Transfusion Transmitted Virus was first reported as a post-transfusion hepatitis virus of unexplained etiology in Japanese patients in 1997[14, 15] and was recently named as Torque teno virus (TTV) as the first member of the new family Anelloviridae. The virus is a nonenveloped virus containing a single-stranded, circular DNA genome of approximately 3.8 kb [13, 22]. Until now, at least 39 genotypes of TTV have been identified, and they can be classified into five distantly related groups [18]. The TTV genome includes an untranslated region (UTR) of approximately 1.2kb and a coding region of approximately 2.6kb, including two main open reading frames (ORFs) which are sandwiched by the TATA box and polyadenylation signal motifs[13, 14, 16]. Epidemiological studies have shown that TTV is genetically variable and widespread in the general human population[2]. Although replication of TTV indicates that it occurs in the liver [17], and most researchers have considered that it might have a possible association with non-A-G hepatitis, post-transfusion hepatitis which may induce liver disease [3, 10, 15, 16], to date there is no consistent evidence of a link between TTV infection of humans and specific disease [11]. The virus is extremely common, even in healthy individuals-as much as 100% prevalent in some countries, and in approximately 10% of blood donors in the UK and the US. The exact role of this virus in the pathogenesis of chronic liver diseases remains controversial.
In this study, we obtained the entire 3.8 kb synthetic TTV genome using a purely in vitro process.

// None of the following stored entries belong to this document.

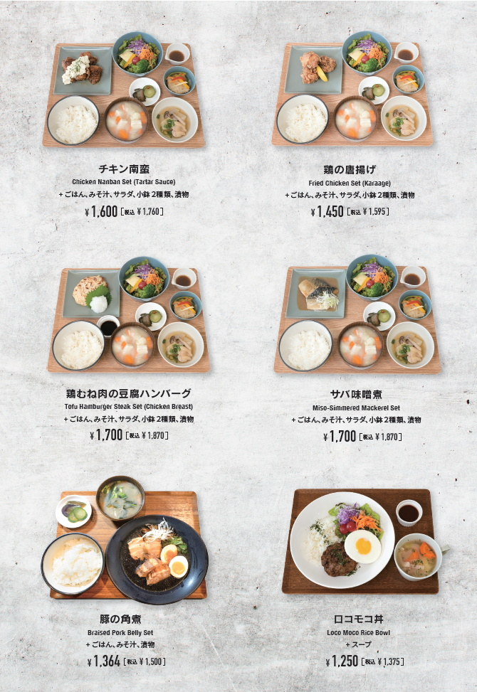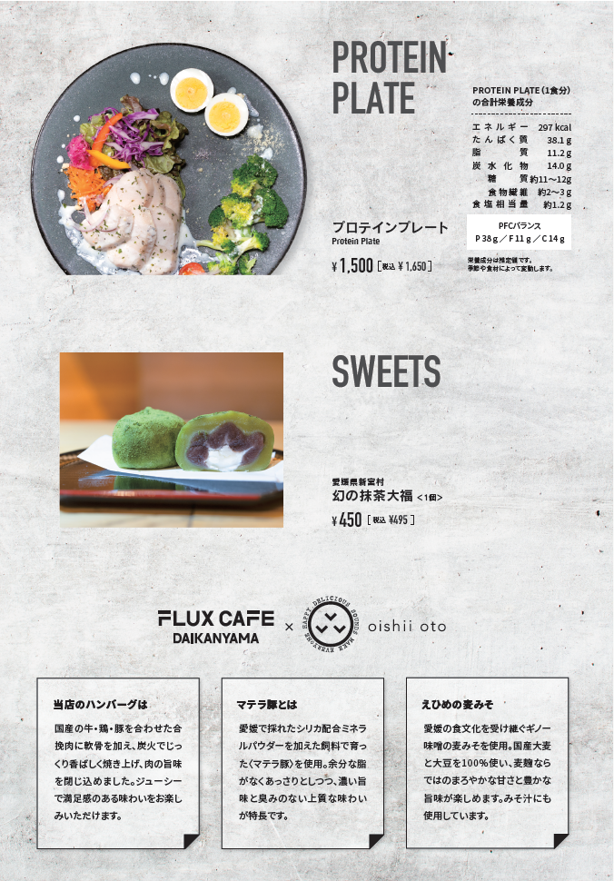 日本人にとって理想的な栄養バランスといわれる「一汁三菜」の定食を中心に用意している食事メニューは、毎日食べたくなる手作りならではのおいしさです。オイシイオトの弁当の中でも人気が高い炭火焼きのデミグラスハンバーグ、鶏の唐揚げ、チキン南蛮をはじめ、FLUX CAFE 代官山店限定のメニューも登場。愛媛県宇和島市が発祥の郷土料理である鯛めしは、鯛の刺身に特製の醤油ダレと生卵、薬味を混ぜ合わせ、温かいご飯にのせて食べる漁師飯です。また、FLUX CAFE 代官山店のカラダを気遣うお客さまに向けて、鶏むね肉の豆腐ハンバーグもご用意しました。タンパク質をしっかり摂りながらもヘルシーなメニューです。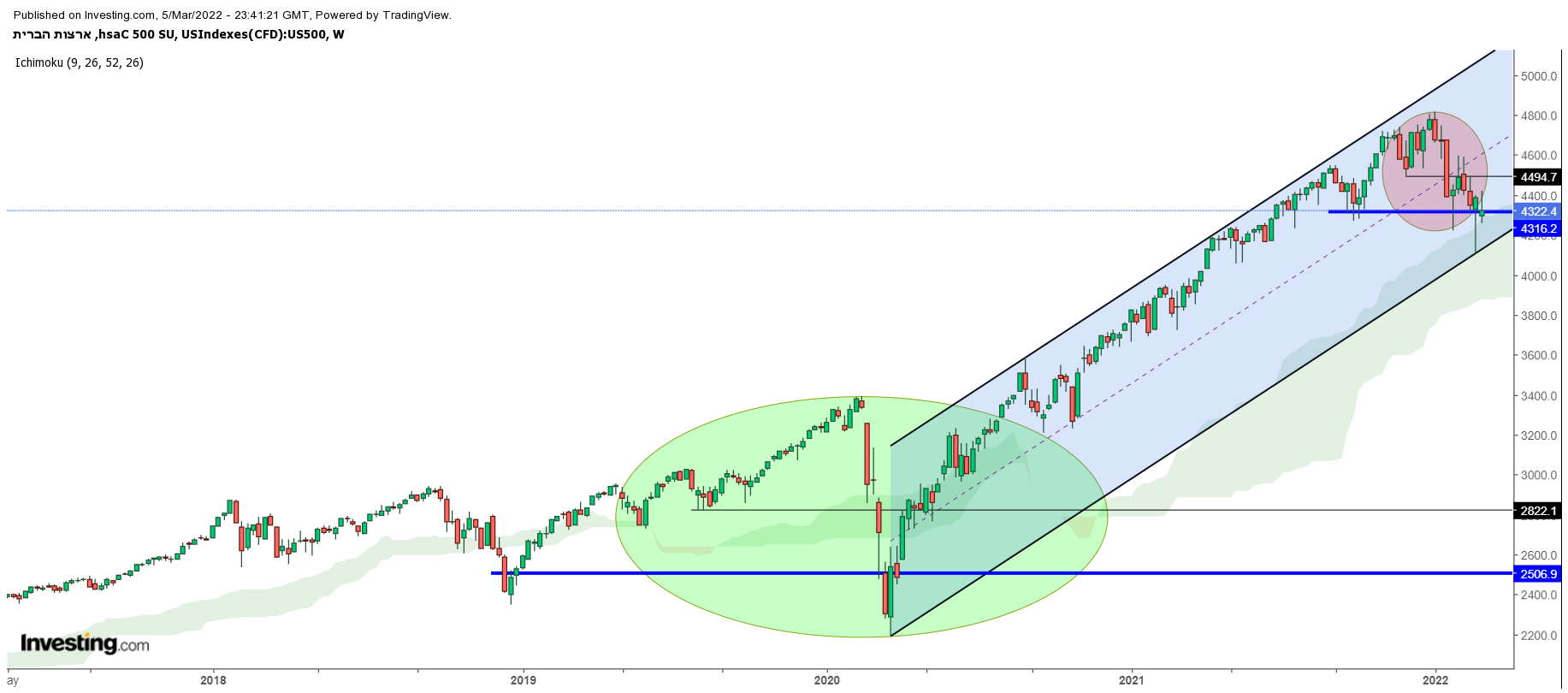 SP500 - שבועי בהקבלה למעוף למעלה.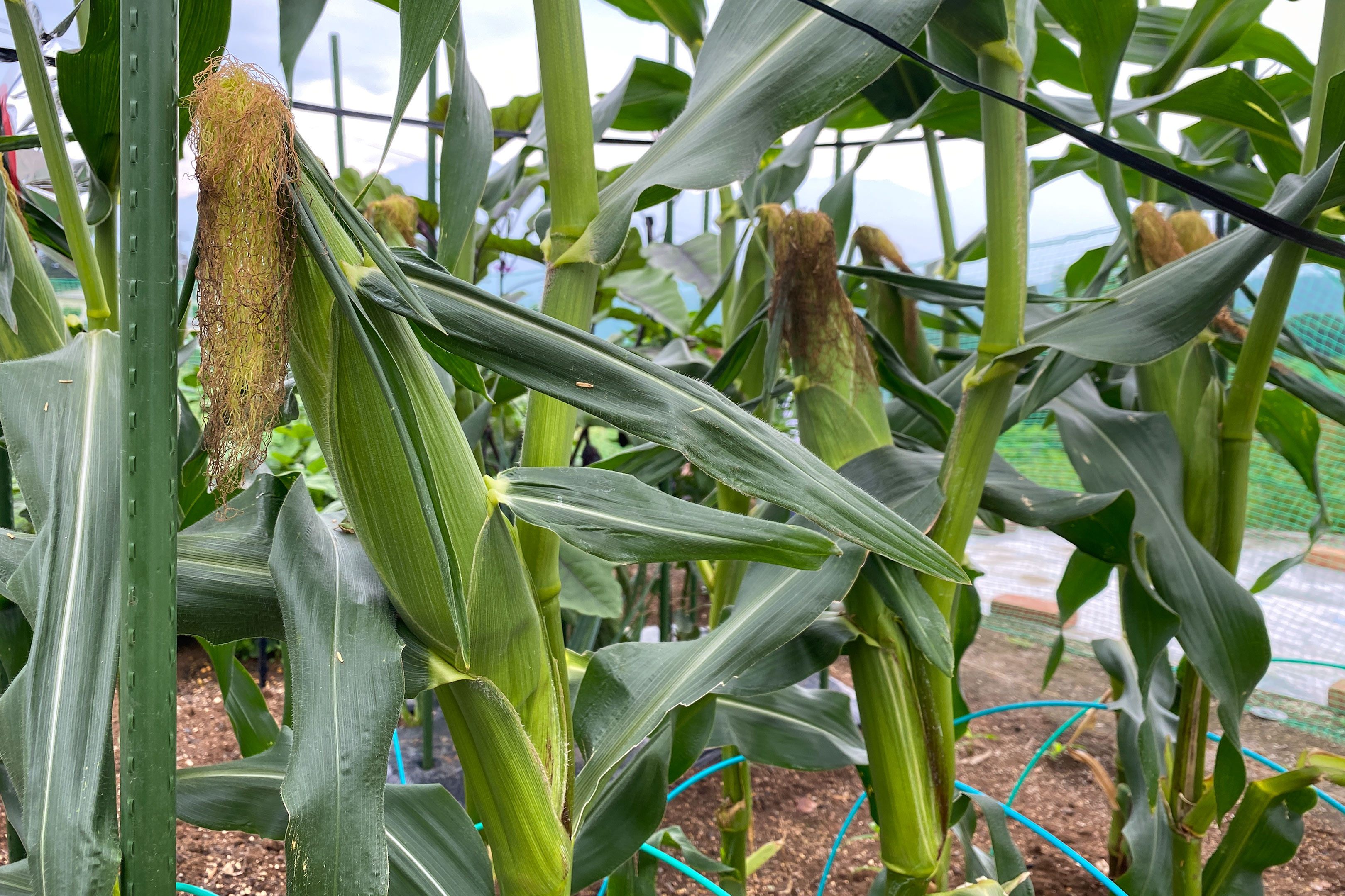 トウモロコシも良きタイミングです。今年育てた品種は1粒ずつがプリップリで甘いプレミアム未来。この品種は種を蒔いた日を基準に85日後が収穫時期の目安とされていますが、我が家はそれ基準で計算すると7月6日が予定日でした。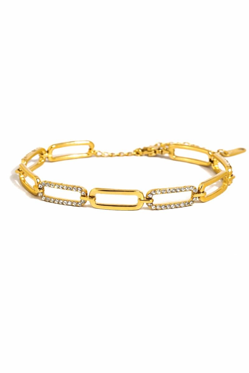 Evie 18K Gold Non-Tarnish Glam Rhinestone Chain Bracelet | Water-Resistant Stainless Steel

Through this work, some experience in assembling the genomes containing complex structures from oligonucleotides has been gained, thereby we can reconstruct viral genomes less than 10 kb and accelerate the preparation of live attenuated vaccines. Viruses also represent natural systems which can deliver foreign genes into target cells; therefore, the artificial TTV genome could be developed as a hepatic disease gene therapy vector in the future.
HTML
-
PCA and SOEing methods
PCA (polymerase chain assembly reaction) is a method of assembling many oligonucleotides into a longer double-strand DNA employing thermostable polymerase [5]. We used PCA to obtain assembled cassettes from chemically synthetic oligonucleotides and then added a subsequent PCR step based on the two terminal oligos to amplify the assembled product (Fig. 1). SOEing (splicing by overlap extension) is a method for joining two PCR products into one with short homologous sequence [9]. We used SOEing to obtain assembled earlier intermediates and the full length viral genome from cassettes and latter intermediates. In our experiment, we used more than two PCR products as the templates, let them extend with partial overlaps anneal at the first reaction and then added a subsequent PCR based on the two terminal oligos to amplify the full length product (Fig. 1).
Figure 1. Two methods for assembly of oligos or cassettes. Synthetic oligonucletides are mainly assembled by PCA, cassettes and intermediates are mainly assembled by SOEing
Synthetic oligonucleotides design
TTV (SANBAN isolate) genome (GenBank accession number AB025946) [23] was divided into 102 overlapping oligos. These coupled primers were named F1/R1, F2/R2, …, F51/R51. The chemical synthesis oligonucleotides were generally 55-60 base oligos with 15-20 bases overlaps to adjacent oligos and purchased from Sangon Biotech (Shanghai) with ULTRAPAGE purification. The stock solutions were prepared at a concentration of 100 μmol/L in Tris/EDTA (TE) buffer, pH 8.0.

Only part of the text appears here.